Он пристально посмотрел на нее, думая, как ей ответить, и внезапно все понял. Сэм понял, почему эти Браунли ему подозрительны, несмотря на их твердое алиби и респектабельность среднего класса: это было нечто такое, что сказала Грейс, впуская его в дом. Показав ей служебное удостоверение, он пояснил, что его зовут Сэм Комботекра, он сержант уголовной полиции Калвер-Вэлли, но им беспокоиться не о чем, так как его визит – чистая формальность, не более того. Ответ Грейс был почти таким, какой можно ожидать от женщины с безукоризненной репутацией. Почти, но не совсем. Она посмотрела Сэму в глаза и сказала: «Мы не сделали ничего плохого».
* * *
Когда Саймон добрался до Вулверхэмптона, было уже темно.
Сара и Гленн Джаггарды жили в съемной квартире, над прокатом DVD-дисков «Блокбастерс», в доме на шумной главной дороге.
– Вы не пройдете мимо, – объяснил по телефону Гленн. – Какие-то вандалы соскребли в названии букву «Б», и теперь он называется «Локбастерс»[9]. А что, тоже говорящее название, – попытался пошутить он. – Неудивительно, что с тех пор, как мы живем здесь, к нам дважды залезали воры-домушники.
Когда-то у Джаггардов был свой дом, но его пришлось продать, чтобы покрыть судебные издержки Сары. Саймона не обманула нарочитая жизнерадостность Гленна во время их разговора по телефону. Он уловил в его голосе усталость человека, который понимает, что, несмотря на все удары судьбы, которые сыплются на него один за другим, должен делать вид, будто все прекрасно.
Судя по окнам, квартира располагалась на двух уровнях. Она была приличных размеров, возможно, имела ту же площадь, что и двухэтажный дом Саймона или трехкомнатная квартирка Чарли. «Придется продать и то и другое и купить что-то побольше», – подумал Саймон, хотя и знал, что никогда не осмелится предложить ей это. Если же Чарли сделает это первой, его собственной первой реакцией будет страх.

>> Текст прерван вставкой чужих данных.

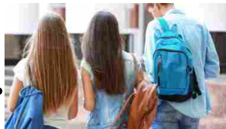
Scuola, si torna in classe: ecco le date di inizio regione per regione

Le notizie del sito Dire sono utilizzabili e riproducibili, a condizione di citare espressamente la fonte Agenzia DIRE e l’indirizzo www.dire.it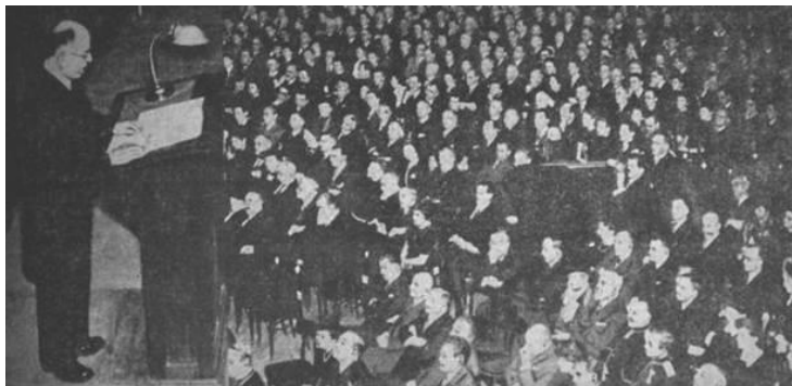
Slika 3. Ružičkino predavanje „Od dalmatinskog buhača do seksualnih hormona“, u Zagrebu, 16. ožujka 1940.

Člankom „Doctor honoris causa dr. Lavoslav Ružička istakao je prilikom svečane promocije vjeru da će naša znanost dati još više lijepih plodova sada, kad su se sve snage hrvatskog naroda ujedinile“, Novosti , god. XXXIV., br. 77, 18. III. 1940., str. 5. – 6., obuhvaćene su i fotografije sa znamenitog Ružičkinog predavanja, održanog 16. ožujka 1940. (jedna je prikazana na Slici 3).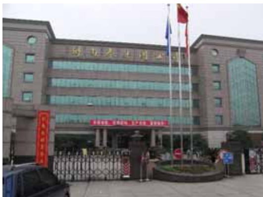
写真63 劍南春集團公司の全景

趙世春教授によれば、レンガ壁などの非構造材の補修・補強に時間と経費を要するため、建物所有者は建て替えを検討しているとのことである。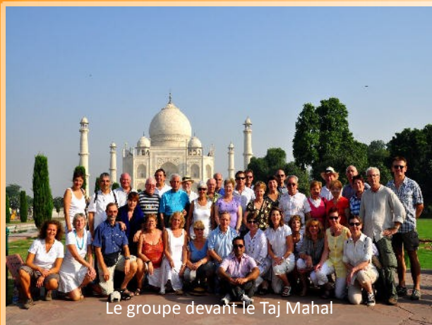
Le groupe devant le Taj Mahal

Dimanche 2 octobre : embarquement de 38 personnes, actifs et retraités, pour une destination de rêve : l'Inde, pays de contrastes, tant par la splendeur de ses palais, jardins, forts, temples, que par la précarité de vie de ses habitants.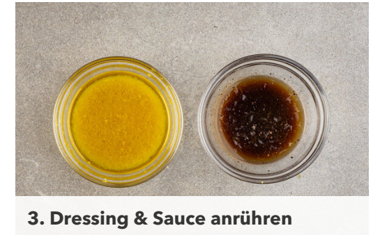
3. Dressing & Sauce anrühren

Den Blumenkohl , die Zwiebeln und den Knoblauch mit 1EL Sojasauce sowie je 1 Prise Salz und Pfeffer vermengen und auf einem mit Backpapier ausgelegten Backblech verteilen. 1EL Butter in kleine Würfel schneiden und auf dem Gemüse verteilen. Das Gemüse 12-15Min. im Ofen rösten. Nach der Hälfte der Zeit wenden.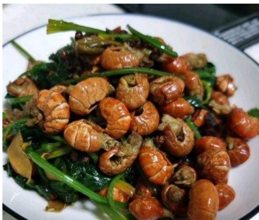
7、汤下去之后放一丢丢鸡精，出锅！香菜也非常好吃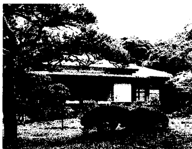
小石川後楽園内「涵徳亭」

総会に合わせて、小石川後楽園内の散策と、総会参加者による懇親会を行います。 総会、懇親会ともに密状態にならないなどの感染対策を施します。 庭園内散策は総会が始まる前に、懇親会は総会終了後に行います。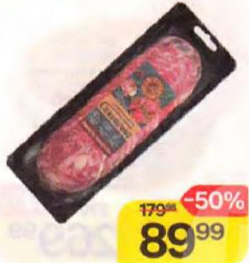
Колбаса МЯСНАЯ ИСТОРИЯ Сальчичон, сырокопченая, нарезка, 60 г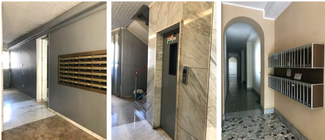
Immagini 5, 6, e 7. Vista delle parti comuni: l'ingresso e l'androne con la partenza delle scale, la collocazione delle cassette postali.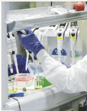
Terapia Ritardi nelle cure con gli anticorpi monoclonali

■ Finora meno di 2 mila pazienti hanno avuto la terapia degli anticorpi. Ancora ferme 38 mila dosi. E Figliuolo ne annuncia altre 150 mila. Oggi sotto la Camera manifestano gli "Io apr"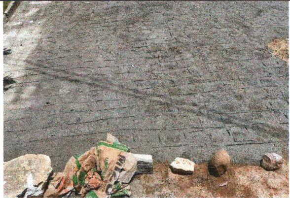
RUA TEREZINHA VALADARES BARRETO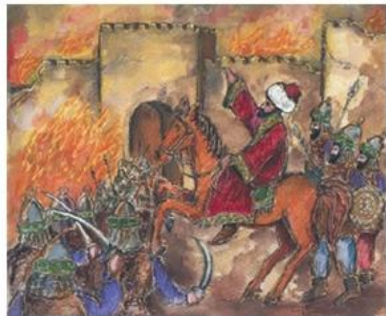
2. Ο Μωάμεθ έξω από την Κωνσταντινούπολη.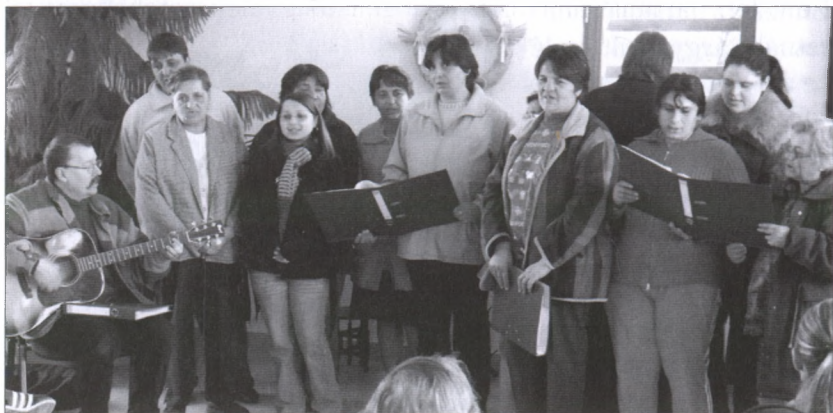
Éneklés ádventi istentiszteleten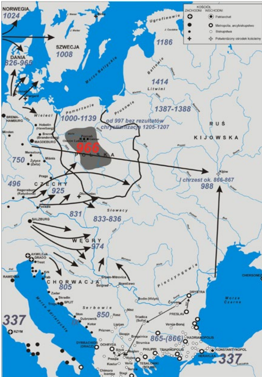
Ryc. 1. Rozprzestrzenianie się chrześcijaństwa w środkowo-wschodniej Europie od IV do XV wieku; zaznaczono daty pierwszej misji lub chrzest władcy; oprac. Andrzej M. Wyrwa, oprac. komp. Arkadiusz Tabaka, wg HISTORIA CHRZEŚCIJAŃSTWA 1999, t. 4, s. 706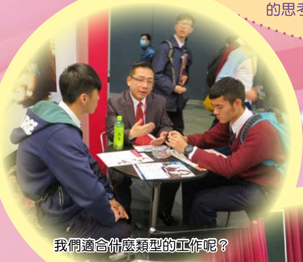
我們適合什麼類型的工作呢？

今次的參觀活動除了讓我了解到不同升學就業的資訊外，更重要的是讓我重新審視自己，對未來作出新的思考，真讓我獲益良多。

Помнится, Снеговик едва не вцепился ему в горло, когда Саймон заикнулся о том, что Сара Джаггард никакая не жертва судебной ошибки. Как она могла ею быть, если ее единогласно оправдали? Или Пруст считал, что быть осужденной за непреднамеренное убийство уже достаточно, чтобы считаться жертвой судебной ошибки? Интересно, подумал Саймон, женщина, к которой он пришел на встречу, тоже так думает? Кем она воспринимает себя – жертвой или же одержавшей триумфальную победу? Облупленные стены дома и оглушающий шум уличного движения подсказали Саймону, что, скорее всего, жертвой, – и в таком случае он не вправе ее осуждать.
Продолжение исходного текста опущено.